Output the line containing "DC electrical measurements" and each line after it through the end of the data, exactly as written, with pictures left out.

▶ [Data segment]
────────

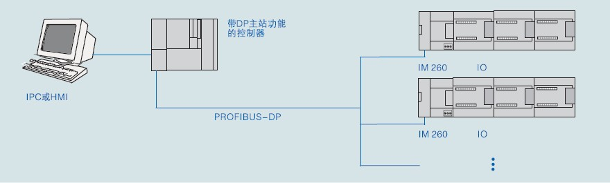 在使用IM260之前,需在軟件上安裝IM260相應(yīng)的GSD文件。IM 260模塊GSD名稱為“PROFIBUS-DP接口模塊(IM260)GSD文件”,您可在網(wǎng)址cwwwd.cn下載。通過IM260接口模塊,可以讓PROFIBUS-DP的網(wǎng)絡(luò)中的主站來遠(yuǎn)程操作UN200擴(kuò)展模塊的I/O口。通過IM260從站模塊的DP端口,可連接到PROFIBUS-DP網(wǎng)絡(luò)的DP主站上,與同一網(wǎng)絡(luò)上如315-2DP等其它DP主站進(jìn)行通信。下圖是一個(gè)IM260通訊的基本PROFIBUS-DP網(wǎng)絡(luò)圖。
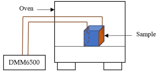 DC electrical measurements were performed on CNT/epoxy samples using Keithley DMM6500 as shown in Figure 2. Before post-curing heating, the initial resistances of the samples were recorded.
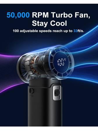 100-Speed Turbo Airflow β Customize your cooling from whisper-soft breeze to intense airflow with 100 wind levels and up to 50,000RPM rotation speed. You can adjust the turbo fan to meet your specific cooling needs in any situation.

────────

▶ [Solution to the problem]
 DC electrical measurements were performed on CNT/epoxy samples using Keithley DMM6500 as shown in Figure 2. Before post-curing heating, the initial resistances of the samples were recorded.
 100-Speed Turbo Airflow β Customize your cooling from whisper-soft breeze to intense airflow with 100 wind levels and up to 50,000RPM rotation speed. You can adjust the turbo fan to meet your specific cooling needs in any situation.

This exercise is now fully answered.